== Segment start ==
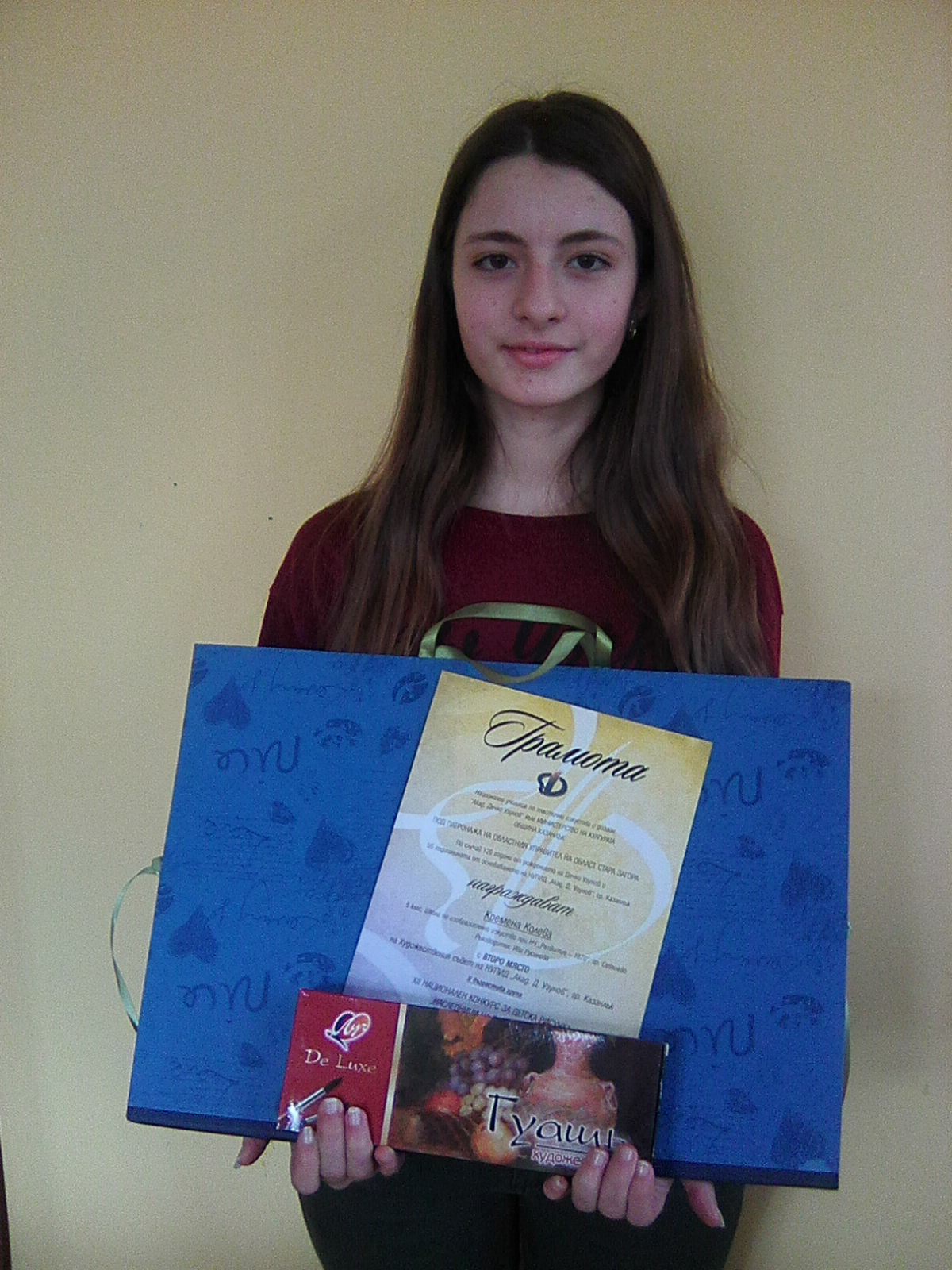 Графичната рисунка на 12-годишната Кремена Колева бе класирана на второ място във втората възрастова група. За своя цветен натюрморт Стелиян Стоянов получи специалната награда на Ротари клуб в Стара Загора. Вече порасналата сестра на 8-годишния художник, бивша възпитаничка на преподавателката Ива Русинова Михаела Стоянова, получи диплома за отличен успех в училището, където тази година завършва 12 клас, специалност „Дизайн“.
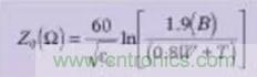 用于帶狀線的特征阻抗計(jì)算公式如(公式七)所示:
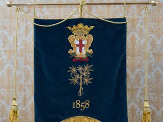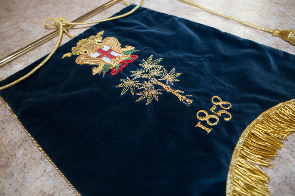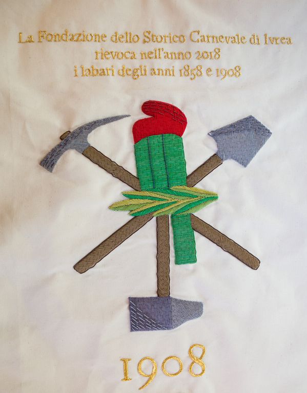 Donato al Carnevale nel 1908, questo prezioso drappo compie quest’anno 110 anni. Per preservarlo intatto si è scelto di farne realizzare uno nuovo in sostituzione. La creazione di quest’ultimo è stata oggetto di approfondito studio da parte di storici professionisti e di molte persone, memorie storiche e non solo, profondamente conoscitrici del Carnevale e delle sue tradizioni. Il vecchio labaro sarà conservato provvisoriamente presso il Museo Civico Pier Alessandro Garda di Ivrea per poi essere trasferito nell’Antico Palazzo della Credenza insieme con altri oggetti del passato.
== Segment end ==
→ What the task asks
Your task is to output the material word for word while leaving out every image.

→ Solution to this problem
 Графичната рисунка на 12-годишната Кремена Колева бе класирана на второ място във втората възрастова група. За своя цветен натюрморт Стелиян Стоянов получи специалната награда на Ротари клуб в Стара Загора. Вече порасналата сестра на 8-годишния художник, бивша възпитаничка на преподавателката Ива Русинова Михаела Стоянова, получи диплома за отличен успех в училището, където тази година завършва 12 клас, специалност „Дизайн“.
 用于帶狀線的特征阻抗計(jì)算公式如(公式七)所示:
 Donato al Carnevale nel 1908, questo prezioso drappo compie quest’anno 110 anni. Per preservarlo intatto si è scelto di farne realizzare uno nuovo in sostituzione. La creazione di quest’ultimo è stata oggetto di approfondito studio da parte di storici professionisti e di molte persone, memorie storiche e non solo, profondamente conoscitrici del Carnevale e delle sue tradizioni. Il vecchio labaro sarà conservato provvisoriamente presso il Museo Civico Pier Alessandro Garda di Ivrea per poi essere trasferito nell’Antico Palazzo della Credenza insieme con altri oggetti del passato.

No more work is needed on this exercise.